*EXERCISE BRIEF*
Transcribe the following records exactly, images excluded.
● ● ● ●
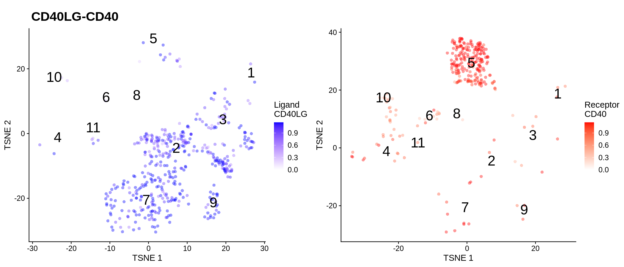 reducedDims(object)to plot. - A character vector of length 2 containing the ligand and receptor gene symbol.
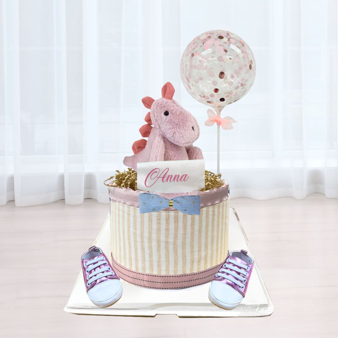 Welcome a precious new arrival with our enchanting Pink Dino Baby Girl Diaper Cake, thoughtfully curated to celebrate life’s sweetest moments. Celebrate the arrival of a precious little one with our exquisitely crafted baby girl diaper cake, a perfect blend of practicality and elegance. This thoughtfully curated ensemble features:
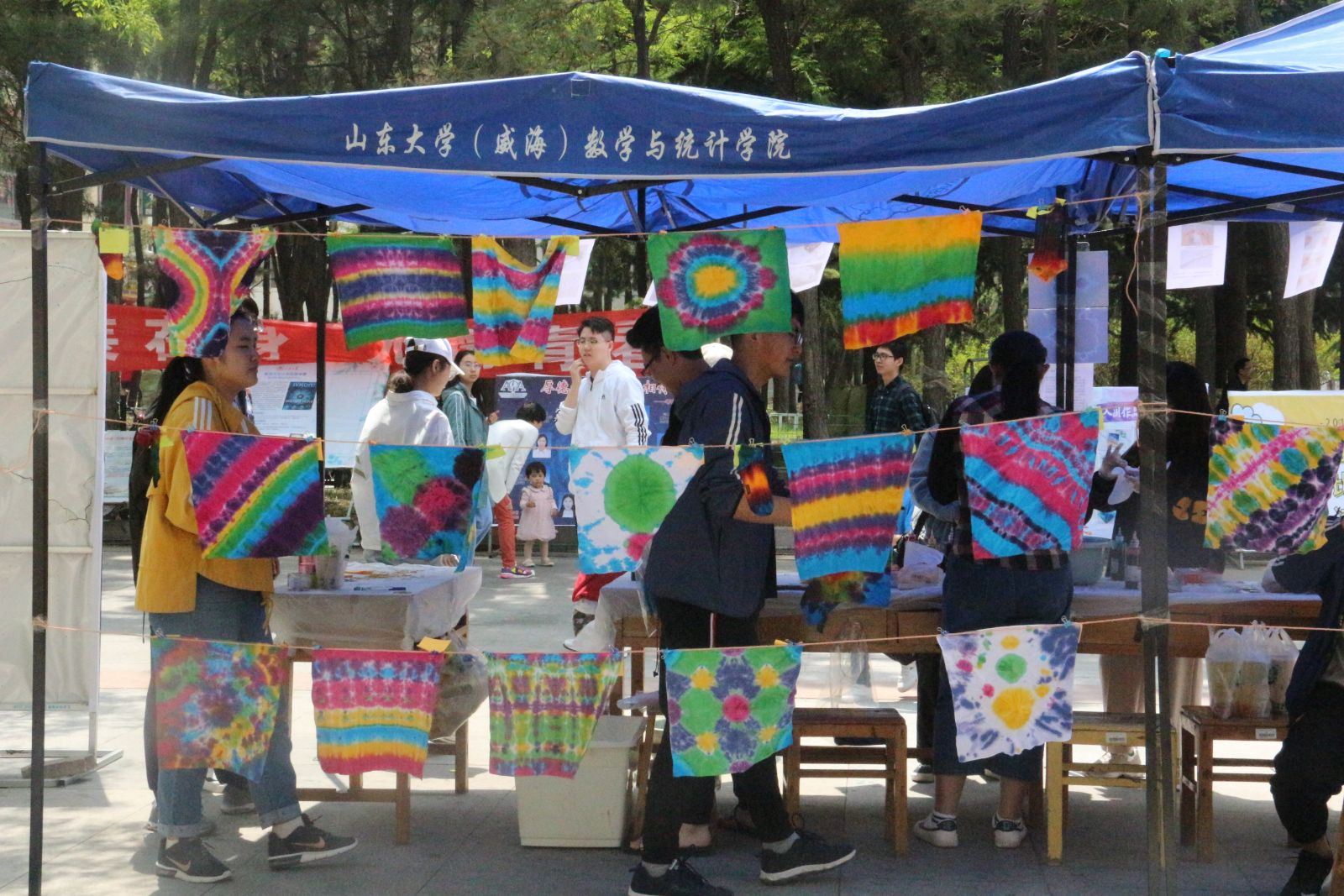 本站讯 5月11日、5月12日,万象城官网于五四广场举办“魅力数韵,精彩芳华”数学嘉年华系列活动之“方圆绮错,数韵纵横 ”手帕扎染活动。活动的参与人数众多,现场气氛高涨。
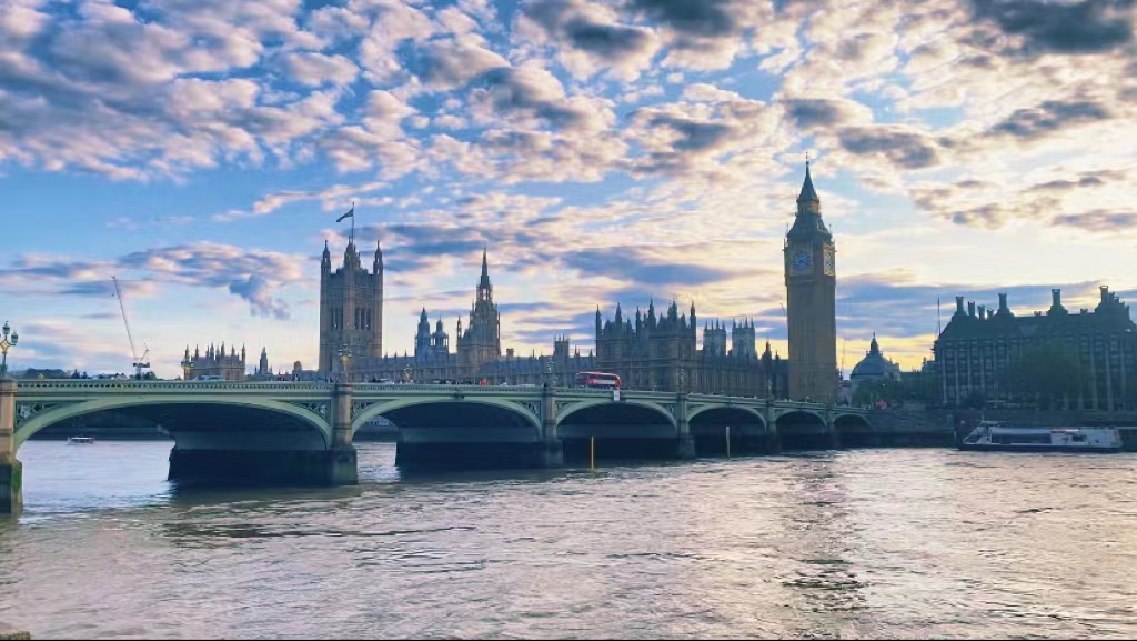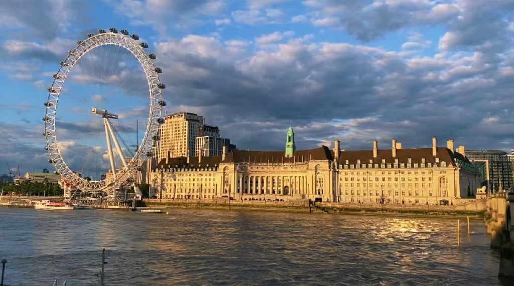 在伦敦的生活实在令人陶醉。我常常漫步在泰晤士河沿岸,感受着异国他乡的独特氛围。凉爽的晚风轻拂脸颊,夕阳的余晖映照下,波光粼粼的泰晤士河波浪荡漾,伦敦眼缓缓转动,而庄严肃穆的议会大厦旁,矗立着大本钟守护着时间。
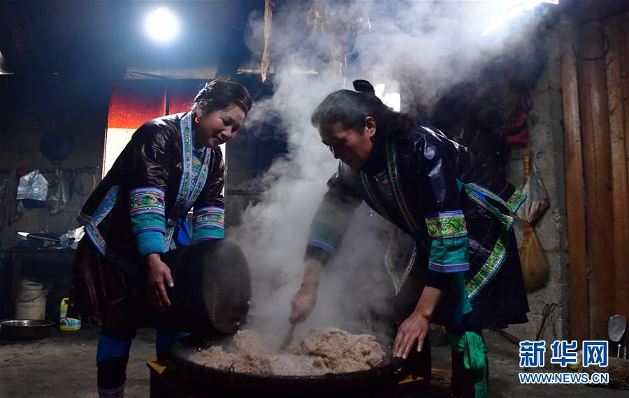 1月5日,在广西融水苗族自治县杆洞乡尧告村,村民在制作糯米饭。新华社记者 黄孝邦 摄
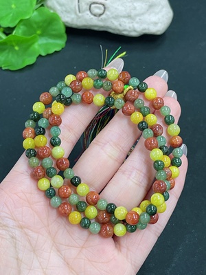 F39549567 Jadeite Bead Necklace with Other Mineral Components, Including Cord Total Weight Approximately 35.46g, Size About 6mm
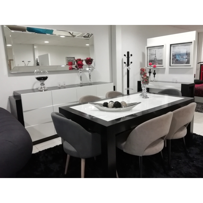 Sala de Jantar Coimbra Aparador com Carvalho Preto + Lacado 70% brilho Branco com 210 x 88 x 49,5. Moldura com 180x80. Mesa de jantar extensível em Carvalho Preto + extra claro branco com 170 x 77 x 100. Cadeiras e Cadeirões Vintage em Tecido Bronx + pés Carvalho Preto. Ver detalhes
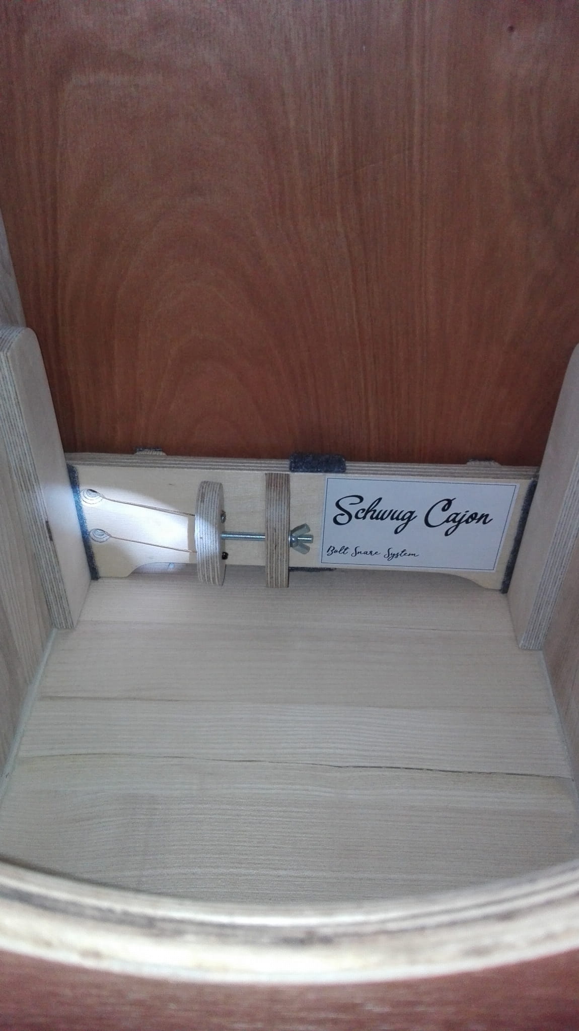 • das Cajon hat Snare-Saiten mit einstellbarer Spannung, montiert im unteren Bereich des Cajons
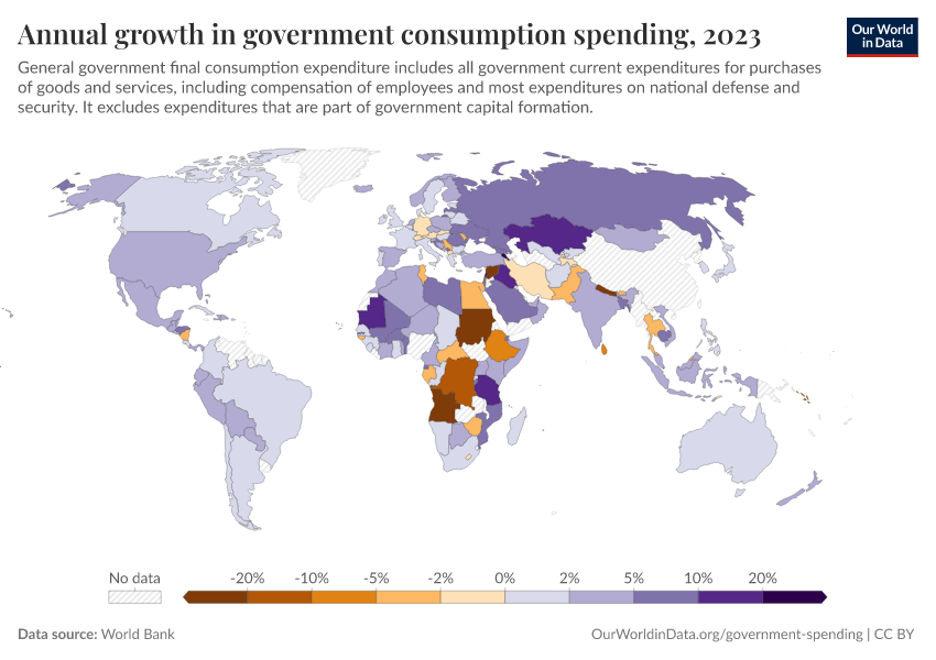 “Data Page: Annual growth in government consumption spending”. Our World in Data (2026). Data adapted from World Bank. Retrieved from https://data-populationgrowth-discre.owid.pages.dev:8789/20260130-180113/grapher/annual-growth-of-general-government-final-consumption-expenditure.html [online resource] (archived on January 30, 2026).How to cite this data
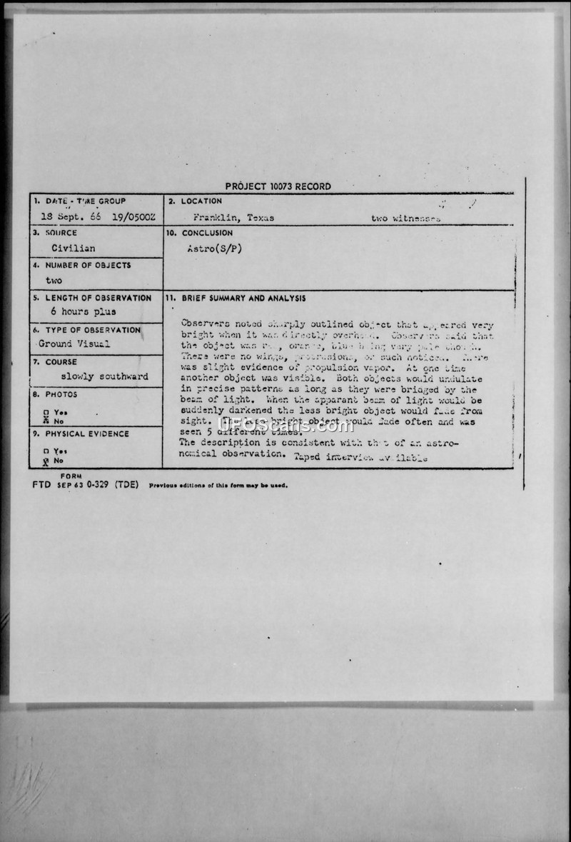 Project 10073 Record: Sighting near Franklin, Texas, 18 September 1966
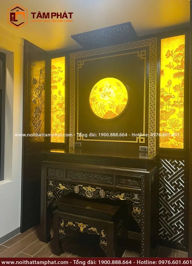 Phòng thờ nhà phố mẫu BT-1211 toát lên vẻ đẹp hiện đại và sang trọng. Điểm nhấn đầu tiên là hệ thống vách ngăn CNC ba mặt với họa tiết hoa sen mềm mại, tạo sự kín đáo riêng tư nhưng không bị bí bách. Vách gỗ ốp tường được trang trí thêm tranh trúc chỉ. Ở giữa là bức tranh tròn hình hoa sen tỏa sáng, hai bên là tranh trúc chỉ chữ nhật, kết hợp với đường phào chỉ sát vàng, mang đến cảm giác ấm cúng và sang trọng cho không gian thờ.
● ● ● ●
*FINISHED EXERCISE*
 reducedDims(object)to plot. - A character vector of length 2 containing the ligand and receptor gene symbol.
 Welcome a precious new arrival with our enchanting Pink Dino Baby Girl Diaper Cake, thoughtfully curated to celebrate life’s sweetest moments. Celebrate the arrival of a precious little one with our exquisitely crafted baby girl diaper cake, a perfect blend of practicality and elegance. This thoughtfully curated ensemble features:
 本站讯 5月11日、5月12日,万象城官网于五四广场举办“魅力数韵,精彩芳华”数学嘉年华系列活动之“方圆绮错,数韵纵横 ”手帕扎染活动。活动的参与人数众多,现场气氛高涨。
 在伦敦的生活实在令人陶醉。我常常漫步在泰晤士河沿岸,感受着异国他乡的独特氛围。凉爽的晚风轻拂脸颊,夕阳的余晖映照下,波光粼粼的泰晤士河波浪荡漾,伦敦眼缓缓转动,而庄严肃穆的议会大厦旁,矗立着大本钟守护着时间。
 1月5日,在广西融水苗族自治县杆洞乡尧告村,村民在制作糯米饭。新华社记者 黄孝邦 摄
 F39549567 Jadeite Bead Necklace with Other Mineral Components, Including Cord Total Weight Approximately 35.46g, Size About 6mm
 Sala de Jantar Coimbra Aparador com Carvalho Preto + Lacado 70% brilho Branco com 210 x 88 x 49,5. Moldura com 180x80. Mesa de jantar extensível em Carvalho Preto + extra claro branco com 170 x 77 x 100. Cadeiras e Cadeirões Vintage em Tecido Bronx + pés Carvalho Preto. Ver detalhes
 • das Cajon hat Snare-Saiten mit einstellbarer Spannung, montiert im unteren Bereich des Cajons
 “Data Page: Annual growth in government consumption spending”. Our World in Data (2026). Data adapted from World Bank. Retrieved from https://data-populationgrowth-discre.owid.pages.dev:8789/20260130-180113/grapher/annual-growth-of-general-government-final-consumption-expenditure.html [online resource] (archived on January 30, 2026).How to cite this data
 Project 10073 Record: Sighting near Franklin, Texas, 18 September 1966
 Phòng thờ nhà phố mẫu BT-1211 toát lên vẻ đẹp hiện đại và sang trọng. Điểm nhấn đầu tiên là hệ thống vách ngăn CNC ba mặt với họa tiết hoa sen mềm mại, tạo sự kín đáo riêng tư nhưng không bị bí bách. Vách gỗ ốp tường được trang trí thêm tranh trúc chỉ. Ở giữa là bức tranh tròn hình hoa sen tỏa sáng, hai bên là tranh trúc chỉ chữ nhật, kết hợp với đường phào chỉ sát vàng, mang đến cảm giác ấm cúng và sang trọng cho không gian thờ.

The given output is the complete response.